Would you copy, word for word, each line from the one with "Chân váy thêu" to the end of the listing below, skipping all pictures?

___

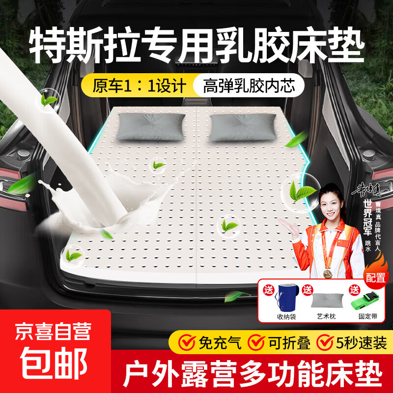 【奥运代言】天然乳胶多功能便携式车上睡觉神器午休垫露营 【双人款】适用Model Y 【天然乳胶】高弹折叠易收纳
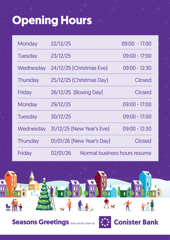 Seasons Greetings from all of us at Conister Bank! Take a look at when we’ll be open over the festive season:
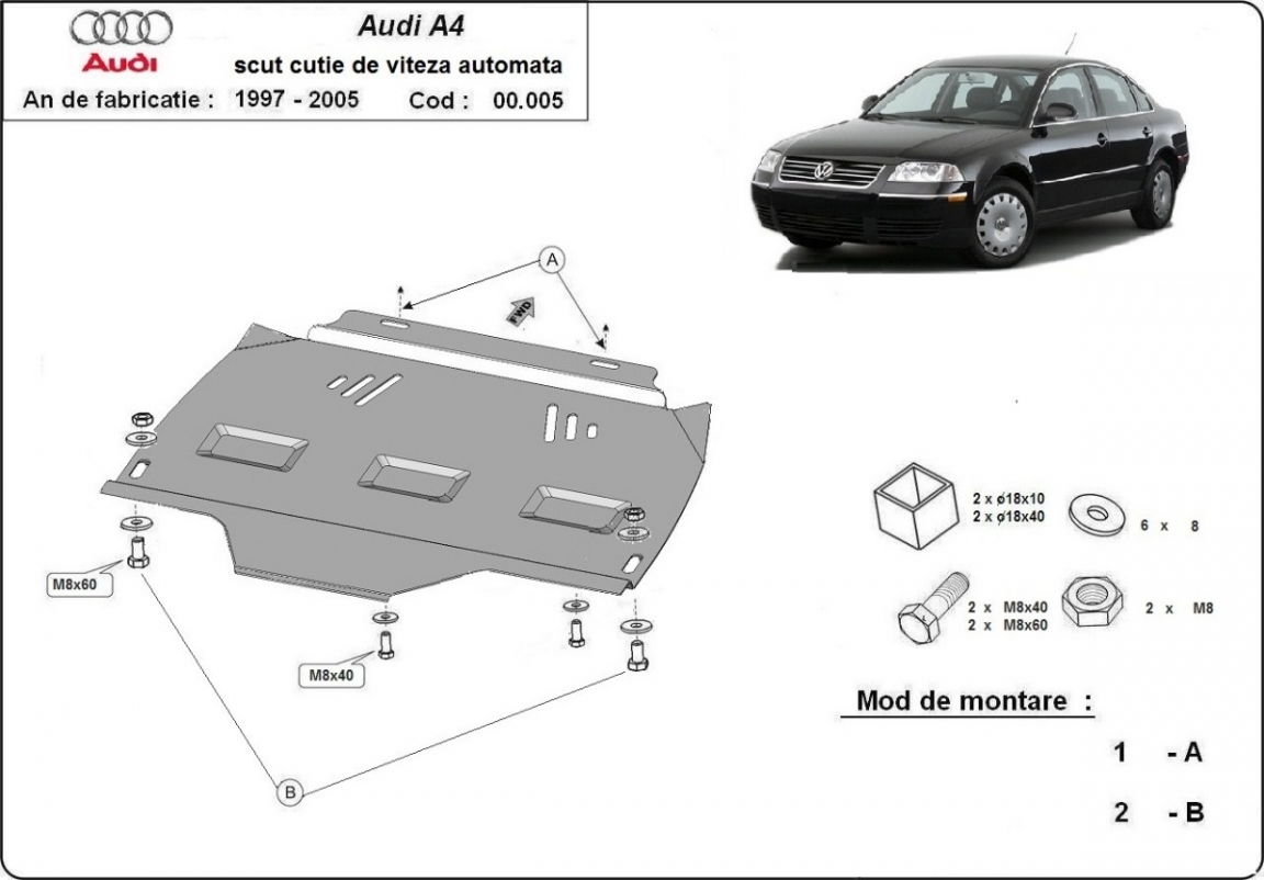 Protetor de caixa de velocidades automática de aço VW Passat B5, B5.5 (1997-2005)
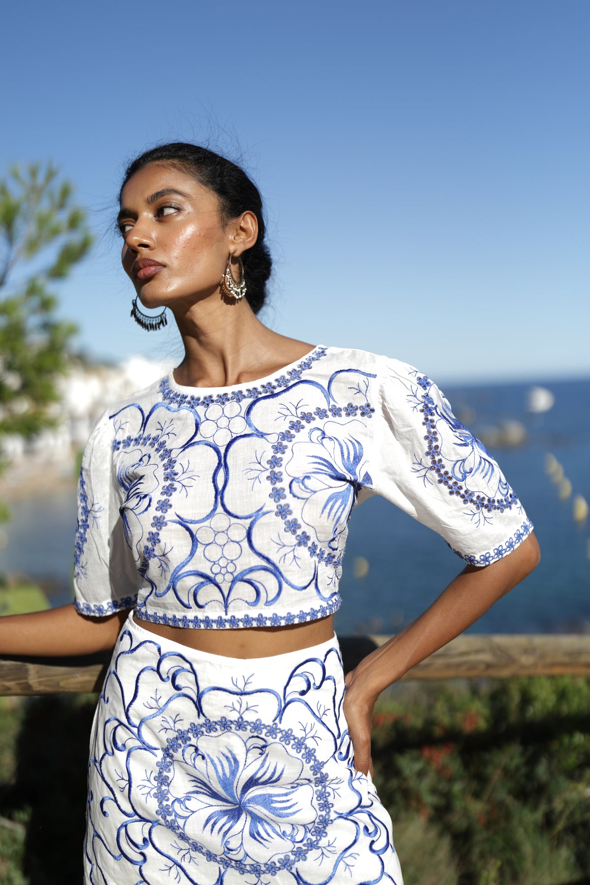 Chân váy thêu Cotton Luna Llena, thêu nổi hoa xanh toàn thân trước, chất vải cotton xô mềm mại, mỏng nhẹ như tơ. Chân váy có lớp lót. Phom suông. Dài áo 38cm (40x38). Dài chân váy 38cm.Phù hợp đi biển...
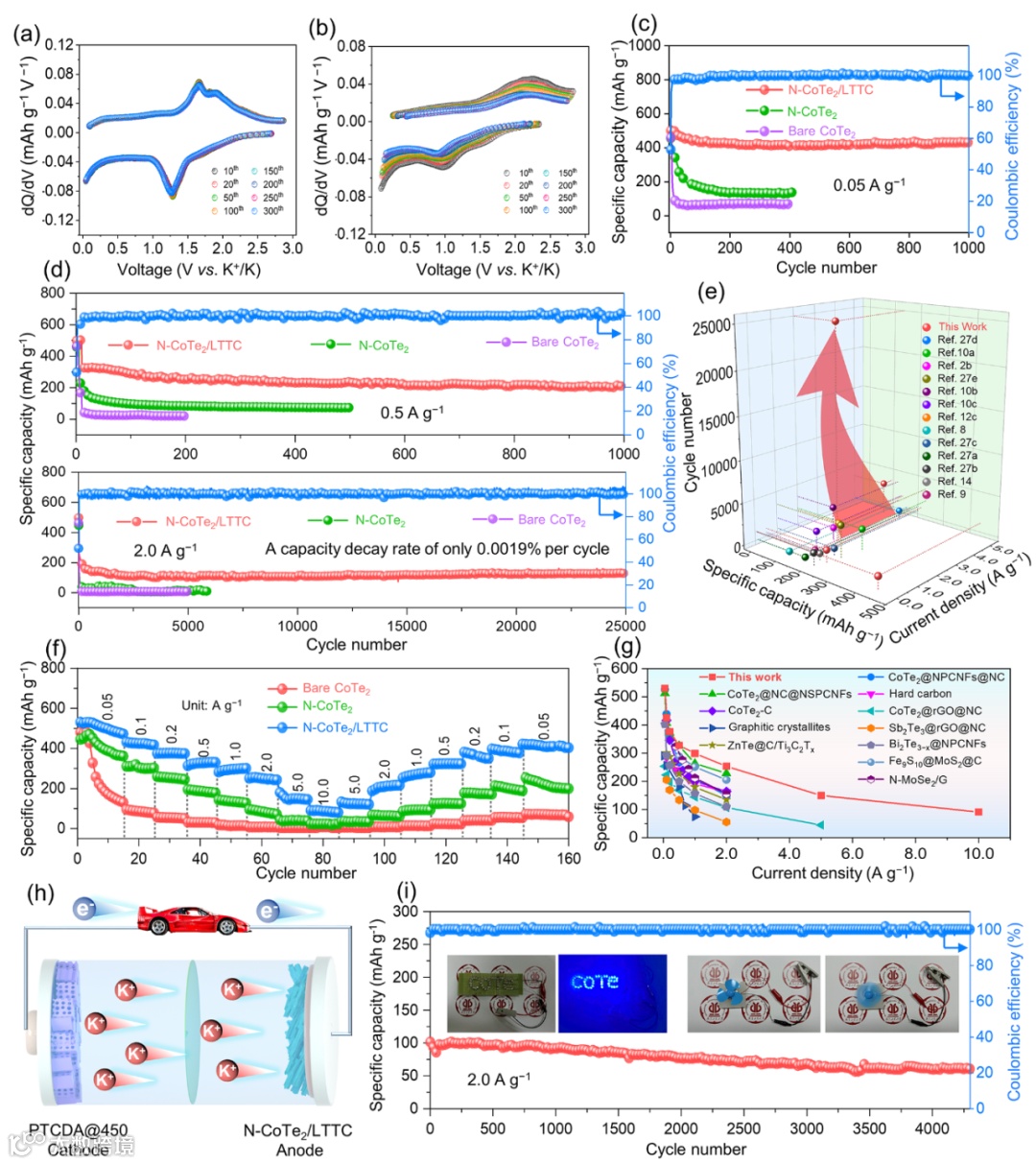 图4. (a) N-CoTe2/LTTC和 (b) N-CoTe2在不同充放电曲线下的dQ/dV曲线;(c) N-CoTe2/LTTC在0.05 A g–1电流密度下的循环性能;(d) N-CoTe2/LTTC、N-CoTe2和bare CoTe2电极在0.5 A g–1和 2.0 A g–1电流密度下的循环性能;(e) N-CoTe2/LTTC负极与先前报道的碲基负极材料的循环性能比较图;(f) N-CoTe2/LTTC、N-CoTe2和bare CoTe2电极的倍率性能;(g) N-CoTe2/LTTC负极与先前报道的钾离子电池中碲基负极材料的倍率性能比较图;(h) N-CoTe2/LTTC//PTCDA@450全电池的示意图;(i) N-CoTe2/LTTC//PTCDA@450全电池在2.0 A g–1电流密度下的循环性能(插图:由该全电池供电的发光二极管阵列和微型风车的照片)。
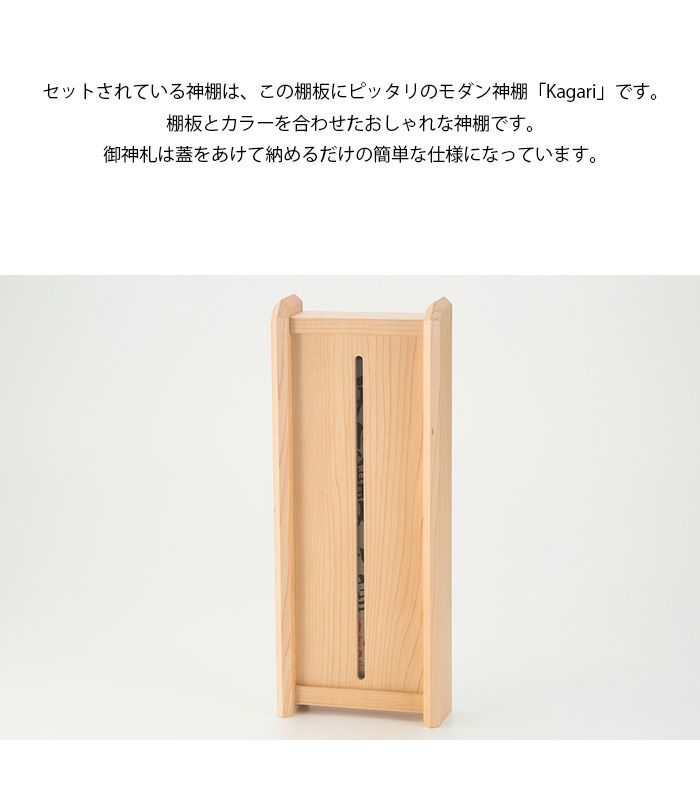 セットされている神棚は、この棚板にピッタリのモダン神棚「Kagari」です。
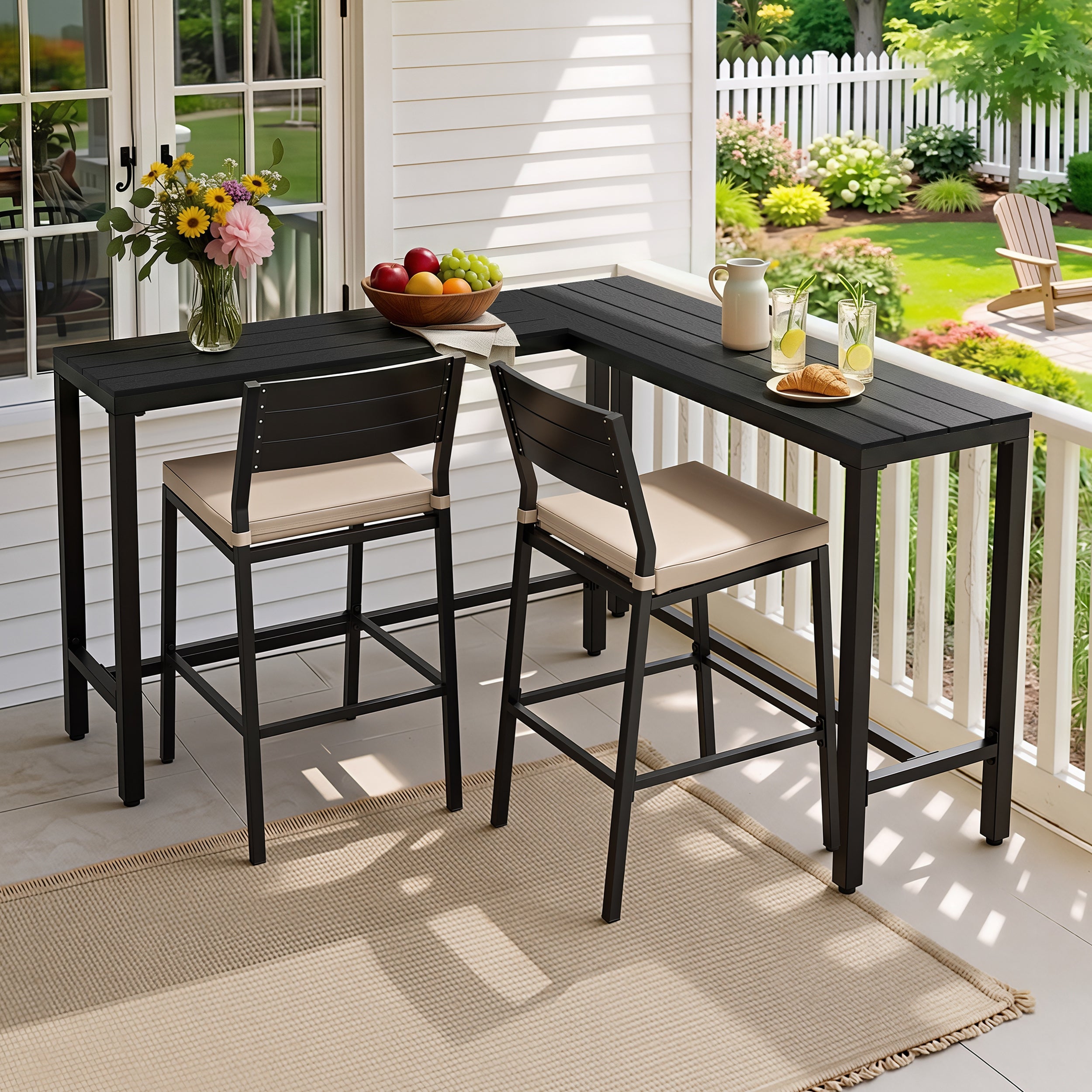 Space-Saving L-Shape Design: Perfect for corners, this L-shaped table helps you make the most of your space while providing extra seating or a convenient workspace for small rooms, apartments, or patios.

___

*YOUR RESPONSE:*
 Chân váy thêu Cotton Luna Llena, thêu nổi hoa xanh toàn thân trước, chất vải cotton xô mềm mại, mỏng nhẹ như tơ. Chân váy có lớp lót. Phom suông. Dài áo 38cm (40x38). Dài chân váy 38cm.Phù hợp đi biển...
 图4. (a) N-CoTe2/LTTC和 (b) N-CoTe2在不同充放电曲线下的dQ/dV曲线;(c) N-CoTe2/LTTC在0.05 A g–1电流密度下的循环性能;(d) N-CoTe2/LTTC、N-CoTe2和bare CoTe2电极在0.5 A g–1和 2.0 A g–1电流密度下的循环性能;(e) N-CoTe2/LTTC负极与先前报道的碲基负极材料的循环性能比较图;(f) N-CoTe2/LTTC、N-CoTe2和bare CoTe2电极的倍率性能;(g) N-CoTe2/LTTC负极与先前报道的钾离子电池中碲基负极材料的倍率性能比较图;(h) N-CoTe2/LTTC//PTCDA@450全电池的示意图;(i) N-CoTe2/LTTC//PTCDA@450全电池在2.0 A g–1电流密度下的循环性能(插图:由该全电池供电的发光二极管阵列和微型风车的照片)。
 セットされている神棚は、この棚板にピッタリのモダン神棚「Kagari」です。
 Space-Saving L-Shape Design: Perfect for corners, this L-shaped table helps you make the most of your space while providing extra seating or a convenient workspace for small rooms, apartments, or patios.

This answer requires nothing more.